Extended Data Fig. 9. Tumour infiltrating leukocyte FACS and scRNA-seq analysis following treatment with anti-PD-L1, anti-TIGIT, and anti-CSF-1R.

a, Percentage of tumour macrophages (left) and representative FACS plots of tumour CD11b+ cell expression of F4/80 and CD86 following treatment (right). Data were collected at day 7 after treatment, and are representative of two independent experiments with n = 5 mice in each group. Left, data are mean +/ − SEM with one-way ANOVA with Tukey’s multiple comparisons. b, Growth of CT26 tumours in syngeneic BALB/c mice treated with anti-gp120 (left), anti-PD-L1 + anti-TIGIT IgG2a (middle), and anti-PD-L1 + anti-TIGIT mIgG2a + anti-CSF-1R (right). Data are representative of two experiments with n = 10 mice in each group. c, UMAP of tumour-infiltrating lymphocytes (top, n = 21, 575) and myeloid (bottom, n = 3, 734) cells coloured by cell types. d, Bubble plots showing marker gene expression for T and NK cells (left) and myeloid cells (right) as shown in (c). e, Volcano plots showing the gene expression of anti-PD-L1 + anti-TIGIT IgG2a versus control IgG2a (left), anti-PD-L1 + anti-TIGIT IgG2a + anti-CSF-1R versus control IgG2a (middle), and anti-PD-L1 + anti-TIGIT IgG2a + anti-CSF-1R versus anti-PD-L1 + anti-TIGIT IgG2a (right) in tumour macrophage and monocytes combined. f, g, Volcano plots showing the gene expression of anti-PD-L1 + anti-TIGIT IgG2a + anti-CSF-1R versus anti-PD-L1 + anti-TIGIT IgG2a in tumour CD8 + T cells combined (f) and CD4 Tregs (g). c-g, Single cell RNA-seq was performed on intratumoural CD45+ cells isolated from tumours at day 3 after treatment, and data are from one independent experiment with n = 5 mice in each group. In volcano plots, the broken y-axis was used to make the y-axis range comparable and for better comparison between treatments; P values were calculated by two-tailed Wilcoxon rank-sum test.
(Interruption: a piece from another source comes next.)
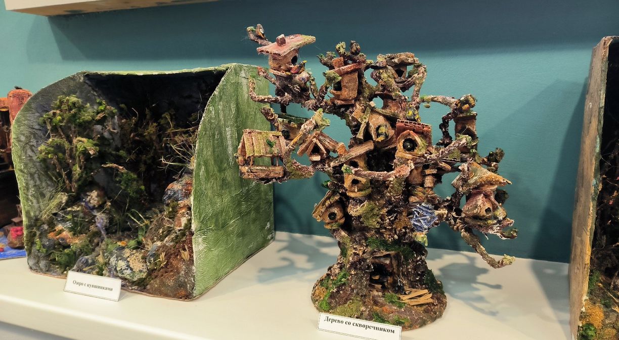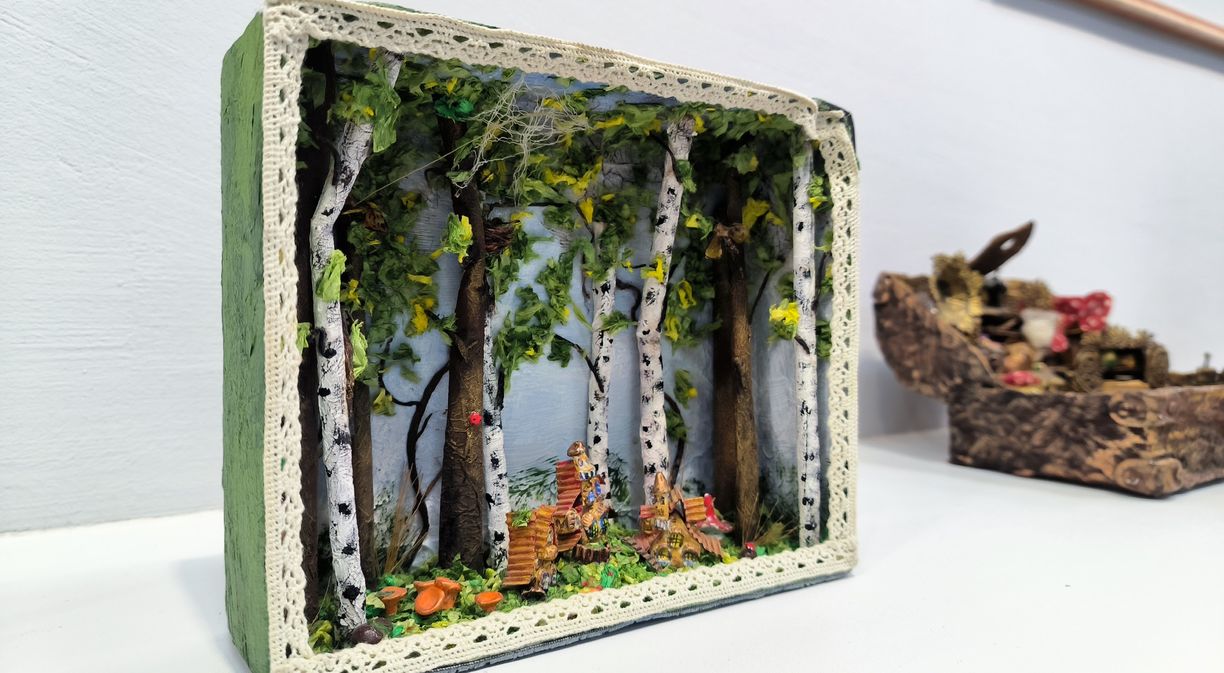 Надежда Алексеевна – врач по образованию и мама двоих детей. Творческая жилка у нее проявилась еще в раннем детстве – уж очень любила лепить из пластилина, рисовать, мастерить различные поделки. Сегодня в ее волшебном сундуке есть и уютные домики с необычными жителями и цветущими садами, и целые сюжетные линии к сказкам и картинам. В каждой работе – сердечное тепло и душа мастера. Такие экспонаты хочется разглядывать бесконечно.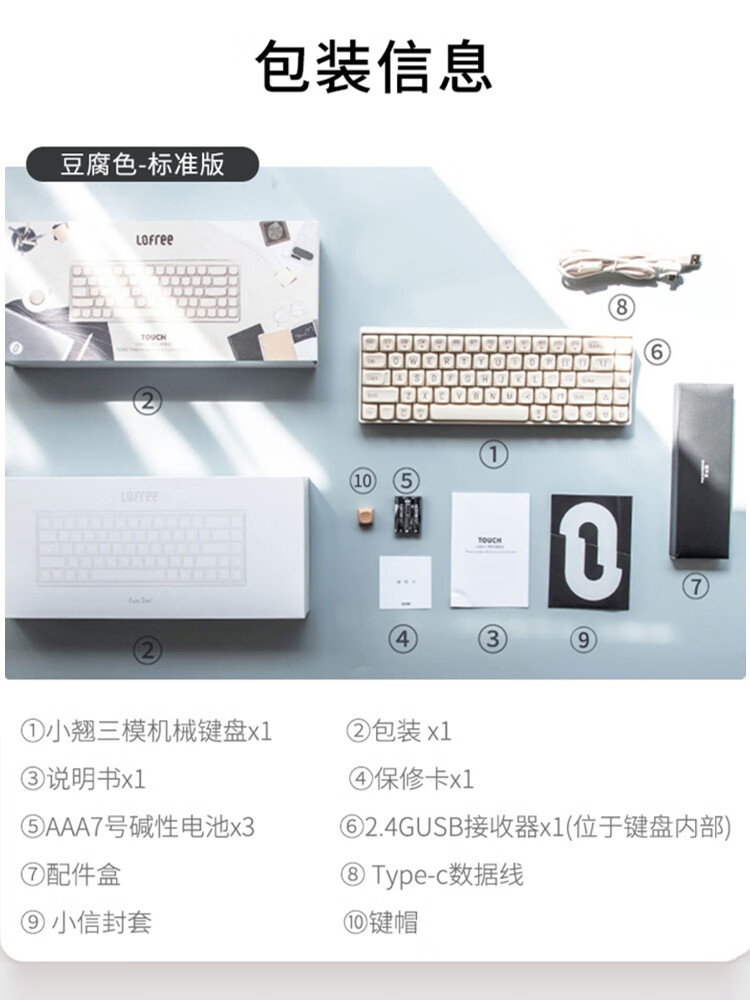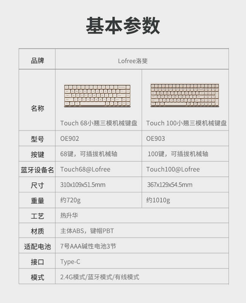 洛斐LOFREE OE903小翘100三模机械键盘-豆腐

Source Data

Extended Data Fig. 10. Graphic illustration showing the design of the current study.

Top, To understand the mechanism(s) of response with tiragolumab in combination with atezolizumab, we leveraged samples collected from CITYSCAPE (left; NSCLC, Ph2) including tumour pretreatment samples for bulk RNA-seq and multiplex immunofluorescence (mIF), and pretreatment and on-treatment serum samples for Mass Spec, GO30103 (middle; NSCLC, Ph1b) including pretreatment and on-treatment peripheral blood mononuclear cells (PMBC) for single cell RNA-seq, and preclinical models (right). Bottom, Anti-TIGIT antibody, in a Fc dependent manner, remodels immunosuppressive tumour microenvironments by leveraging myeloid cells and Tregs, which was further enhanced with the addition of anti-PD-(L)1 antibody. Created with BioRender.com.